Thirsk, who needed violence daily as much as a carnivorous animal needs red meat, bared his teeth in turn at Waters. Thirsk's patients looked wonderingly from one adult to another. Memories of childhood traumas, impossible fights between their parents, aggression towards themselves flooded back. Ned and Mary, who had been in care since the ages of one and two, started to scream first.

‘Who are you?' Waters shouted over the shrieks. ‘Where am I? Is this the other side?'

Thirsk smiled. He said quietly, ‘Yes, this is the other side. Welcome, brother. You must forgive the children. They are only expressing themselves. They need a father to vent their pent-up feelings, and I'm afraid the fact you descended from the skies caused the God/Sun King complex to manifest itself.'

Waters gave a bitter smile.

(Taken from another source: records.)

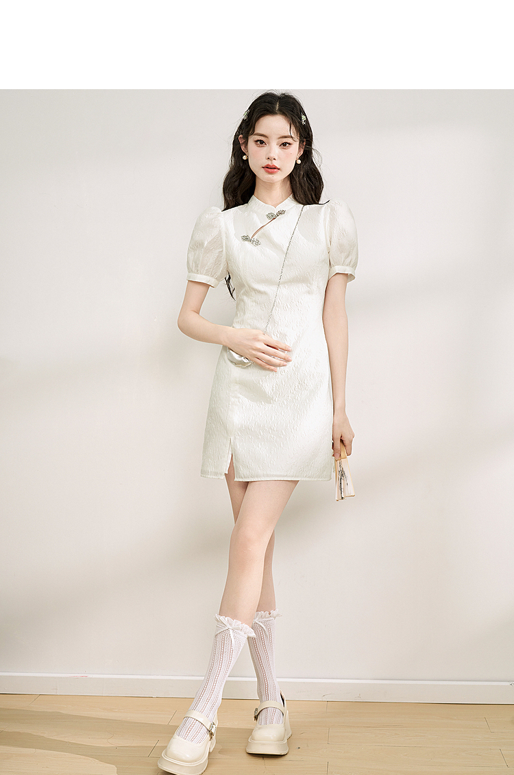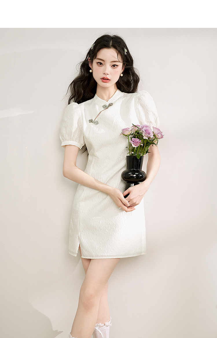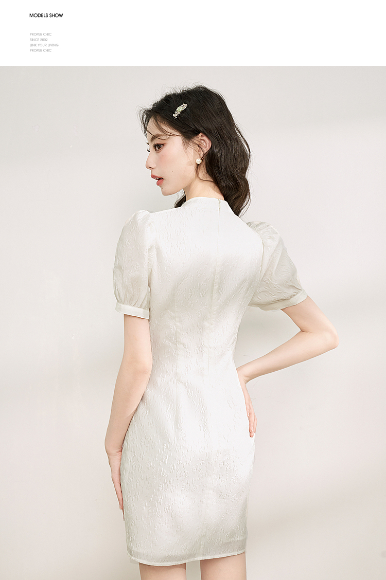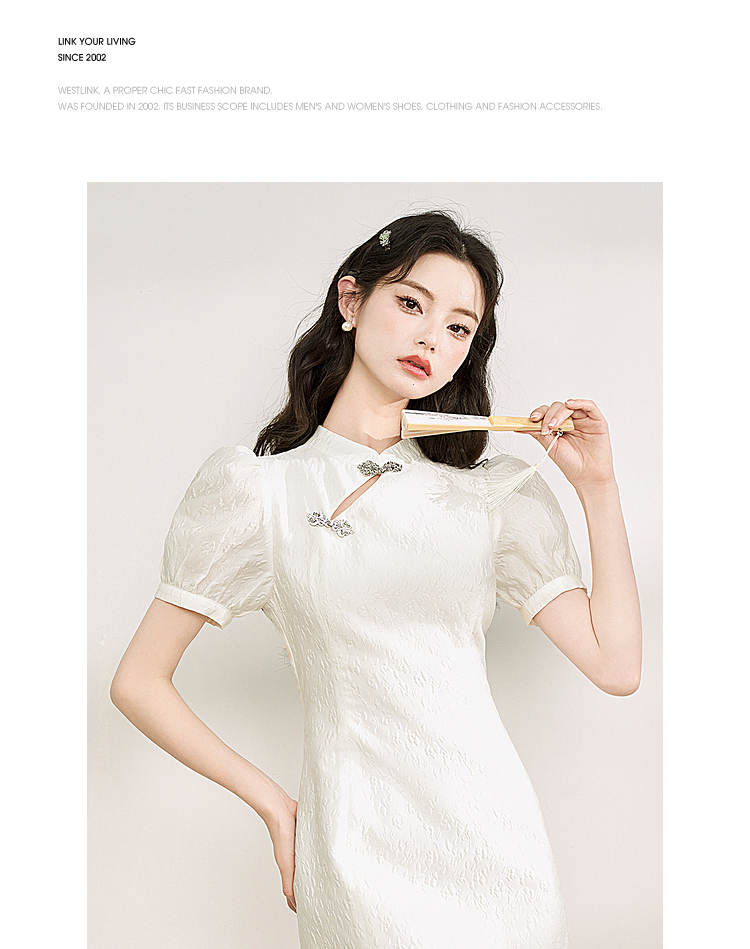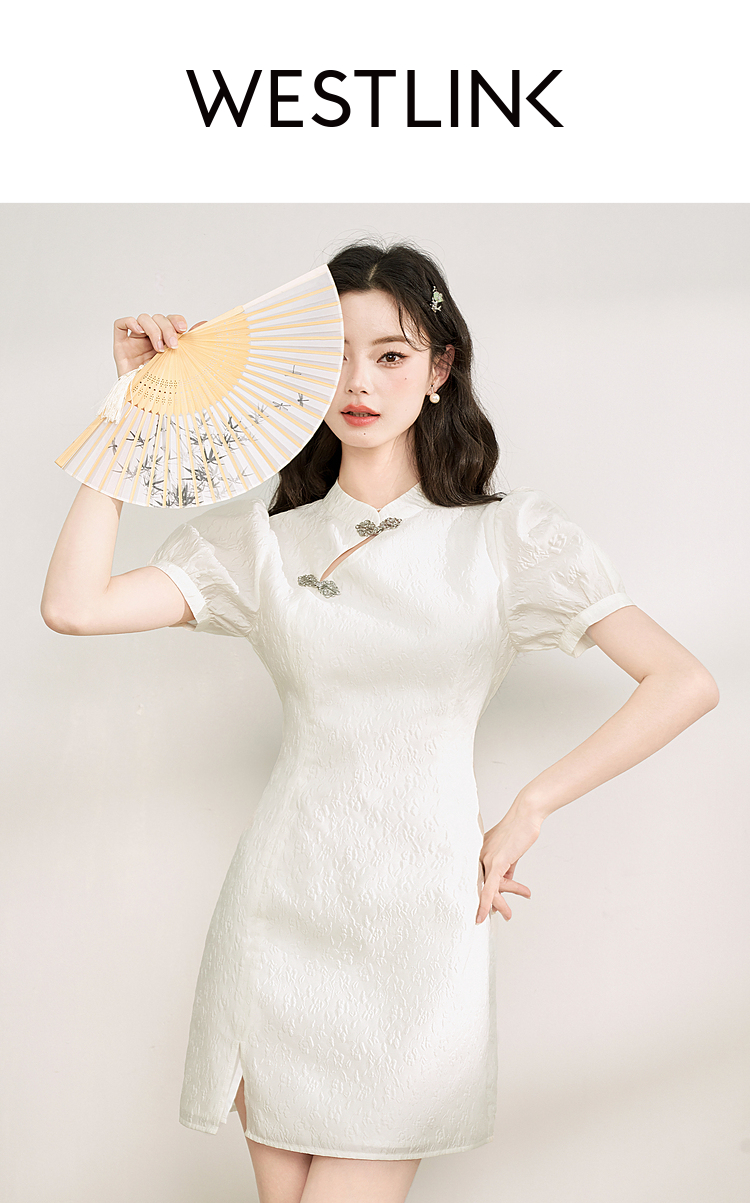 西遇新中式国风旗袍裙女2023夏新款泡泡袖开衩设计肌理感提花优雅V0031614
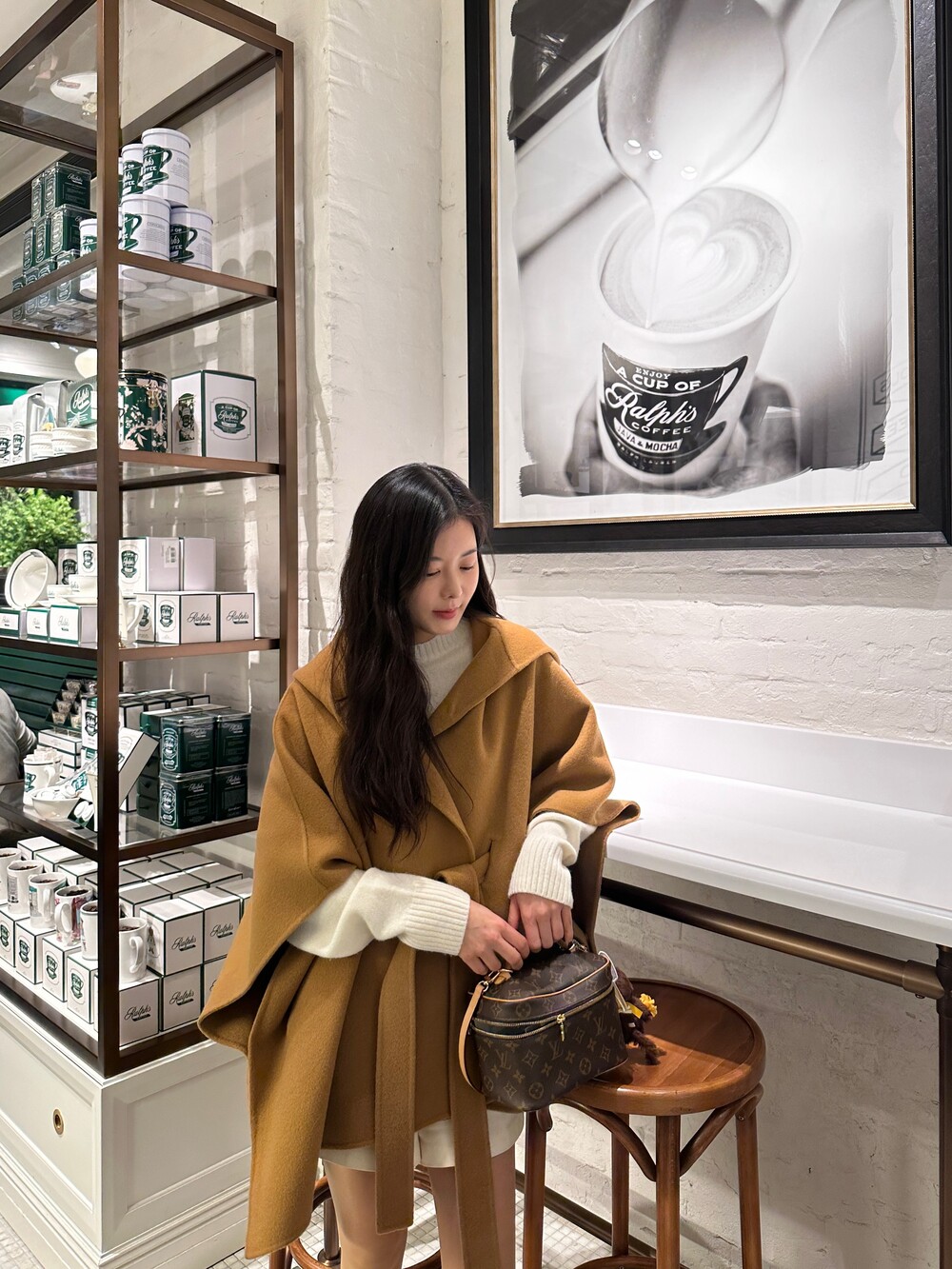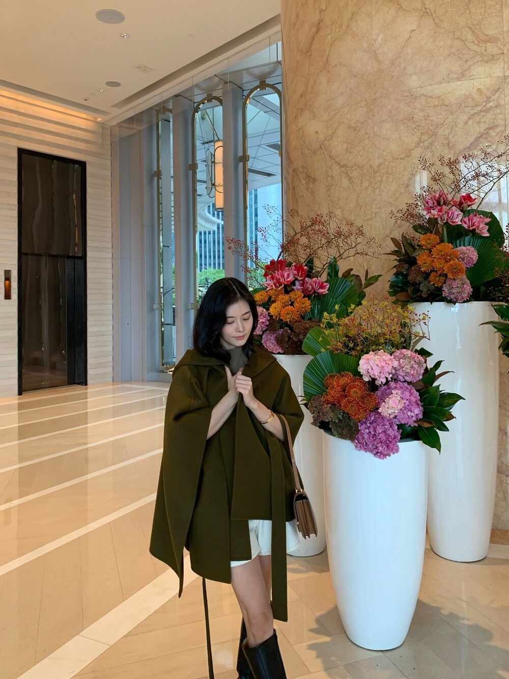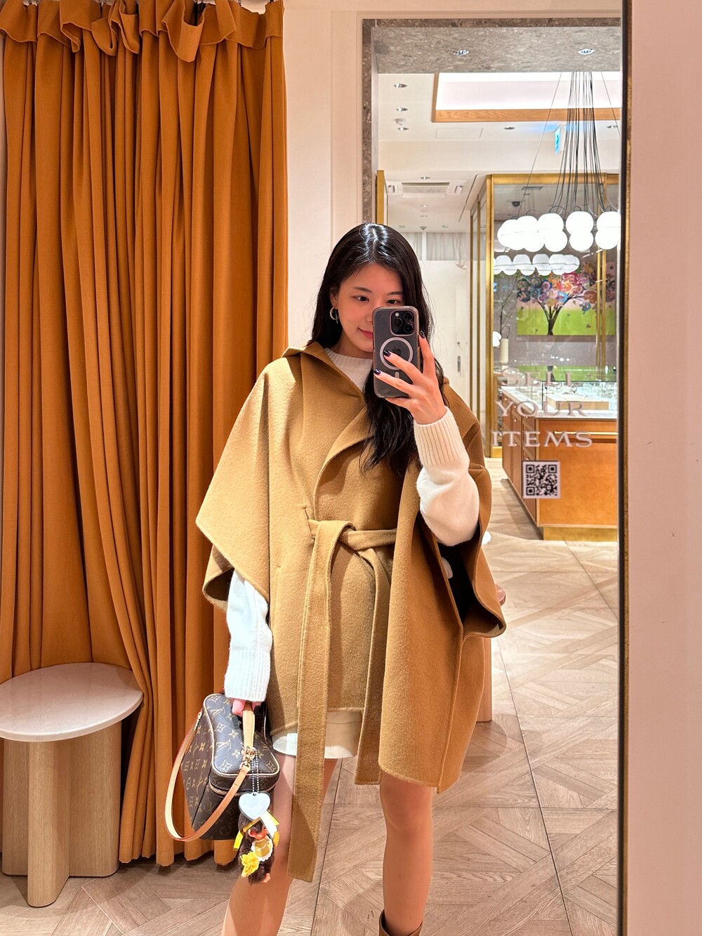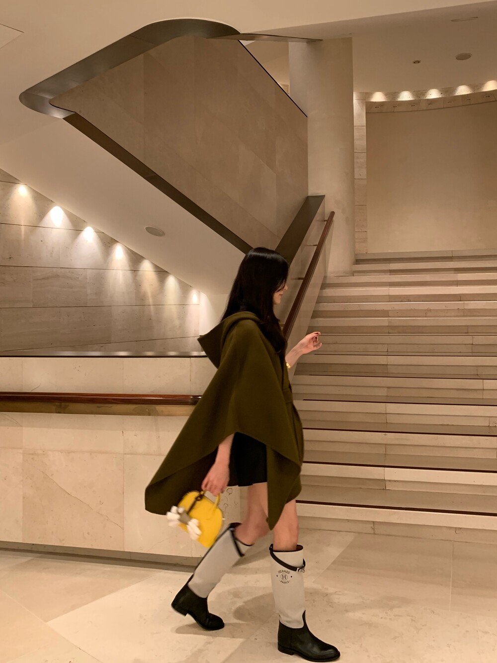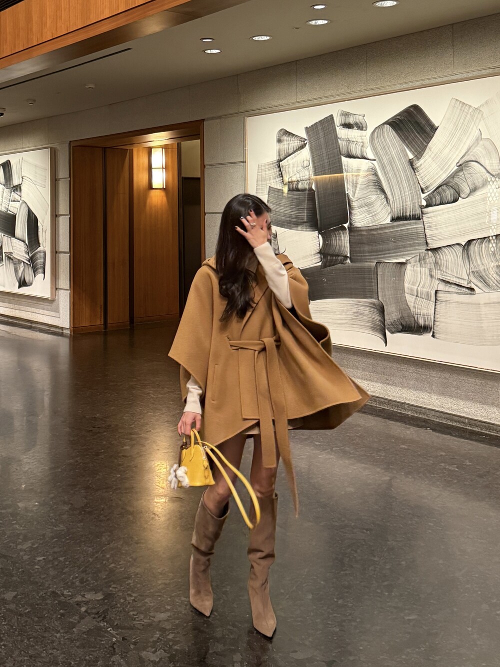 * Handmade Wool Hood Cape (Camel / Khaki)
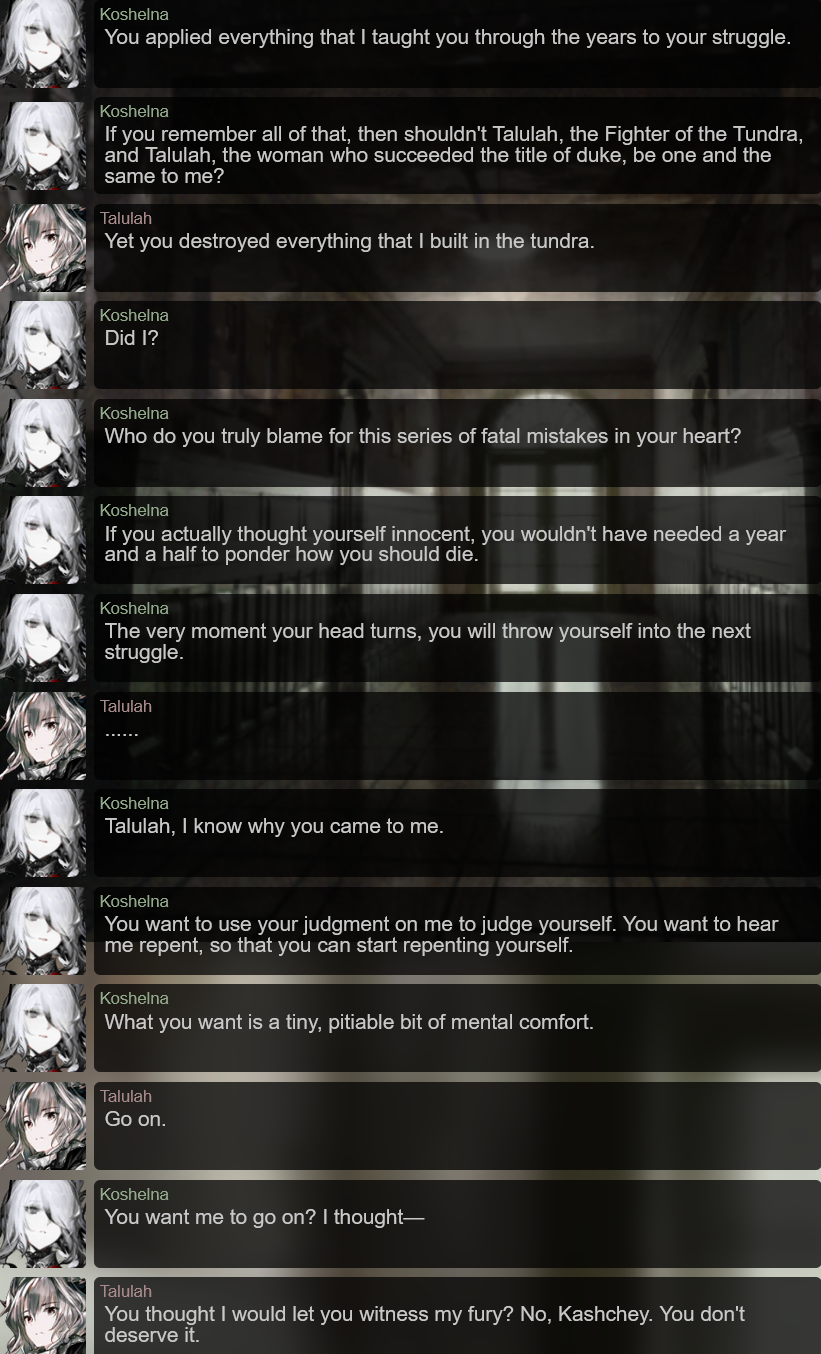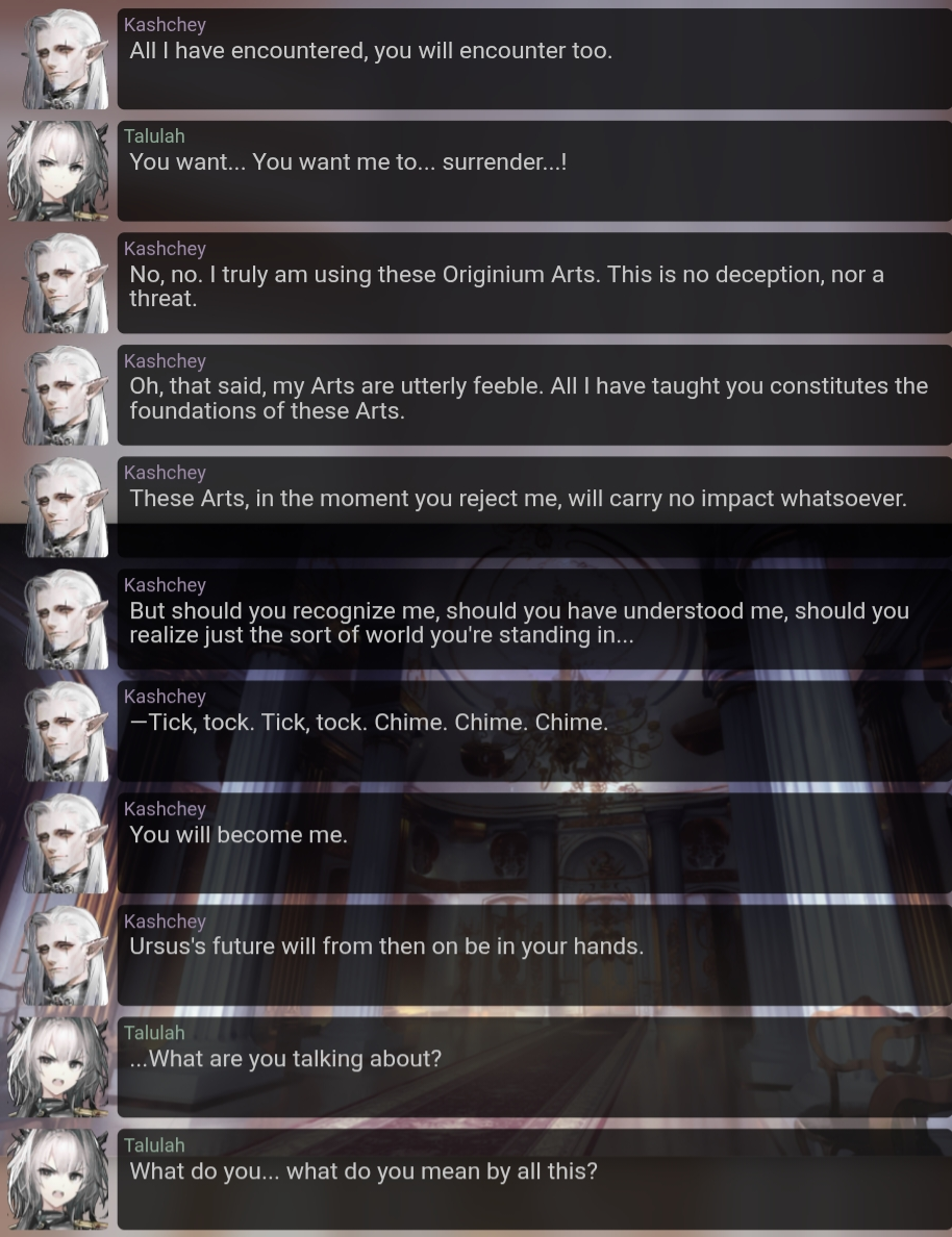 >>558392701The Phidia Duke Kaschey was just another in the line of hosts for DBS. When he raised and taught Talulah his ideas were planted in her head, and even when she didn't agree with them they stayed.When everything with Reunion went to shit and Talulah was at her lowest she fell in line with those ideas, and the conditions to be a host for DBS were fulfilled. From there you can surrender yourself to a sort of control but in the end of everything, everything the host does is explicitly by choice because they agree with it. DBS couldn't make Talulah destroy the abort key for Chernobog for example, which was her last ray of hope.Ch7/8 were full of themes about how we pass on ideals and influence others with them, and this was the main way they showed it. DBS is like how people can lose themselves to an ideology and almost stop being their own person.
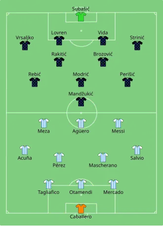 Dwie najlepsze drużyny z grupy D (Chorwacja i Argentyna) w 1/8 finału spotkały się z zespołami z grupy C (Francja i Dania).
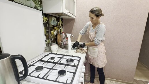 Мотивация на уборку и готовку. Чищу сковороду, готовлю крылышки, оладьи
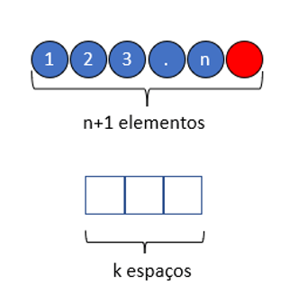 Há uma forma simples de visualizar. Imagine que n+1 elementos devem caber em k espaços. O de vermelho é o elemento número n+1.
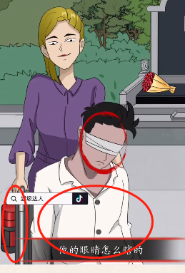 5、然后点击图片中的【水杯】、富豪脖子上的【口红印】以及富豪身上的【头发】。
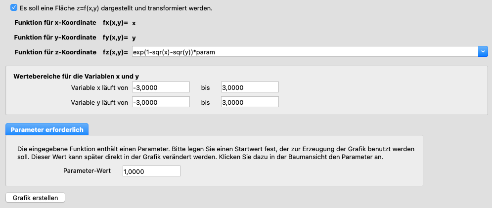 Dazu müssen zusätzlich zu den Transformationsfunktionen für das Koordinatensystem die Abbildungsfunktionen für die Grafik gewählt werden. Zur besseren Unterscheidung sind nur Funktionen zulässig, die die Variablen x, y und param enthalten. Geben Sie im Eingabefeld für die Funktionen die gewünschten Funktionen ein, oder wählen Sie eine der bereits vorhandenen Funktionen durch Klick auf den Pfeil rechts vom jeweiligen Eingabefeld. Eine Checkbox erlaubt die verkürzte Eingabe nur einer Funktion, falls lediglich eine Abbildung der Form z = f(x,y) gewünscht ist. Zudem kann der Wertebereich für die Variablen x und y gewählt werden.
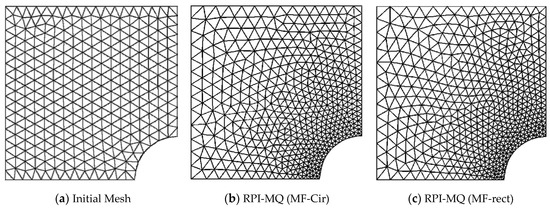 A problem involving a square portion from an infinite elastic plate having a circular opening with a radius (a) of 1 unit is also analyzed to demonstrate the effectiveness of RPI-based displacement recovery technique in stress concentration conditions. The one-quarter of the plate domain is modeled because of the symmetry of the plate. The plate domain with an opening is discretized with triangular/quadrilateral elements, as shown in Figure 5. Along the symmetry line, the normal displacement component and shear stress are zero. A unit in-plane traction is applied in the x-direction. The close form solution of stress field for an infinite plate with opening is given in Equations (38)–(40) [4].

Thirsk's speech was familiar –
Hampstead was crawling with men like this – and he furiously regretted having been impressed by their theories. He had even bought their books! Once more, he bared his teeth in a snarl.

‘We must work together for a new society,' Thirsk went on in his too-reasonable voice. ‘And this is my colleague, Nigel Harcourt.'

Without thinking, Waters extended his hand politely. Another wave of rage overcame him when he saw that such symbols from a dead culture had been discarded and Harcourt only looked him in the eye.

Thirsk's children, amused by Waters's family, started to play housey with the youngest daughter in the roots of a great oak. Peals of laughter drifted towards the adults as the real and artificial children, darting amongst the branches of the fallen tree, exposed themselves to each other and set up fast-changing games of Mummy and Daddy. Mrs Waters, terrified that her children might become corrupted, ran screaming over the grass to put an end to the pre-latency amusements.

Waters took the opportunity to look warily around.

What he saw was Hyde Park. Disbelievingly, he raised his binoculars. It was lucky, he thought with grim satisfaction, that he had had the presence of mind to grab them as he was swept from his Hampstead drawing-room.

In the distance, by the armless Peter Pan statue, a pile of grey-flannelled nannies lay on the ground. Coroneted perambulators heaped behind them, the brightly polished wreckage gleaming in the sun. A handful of babies, their hair still neatly plastered to their heads and their scrubbed faces aglow with pleasure, crawled aimlessly round the bodies of their warders.

There was no doubt about it. The ruined Albert Hall, splendid as the Coliseum, was clearly visible. Millionaire's Row, untouched by the disaster, stood straight and unashamed. By adjusting the focus of the powerful binoculars, Waters could see the deserted Derry and Toms roof garden. He turned to Thirsk with a thin smile.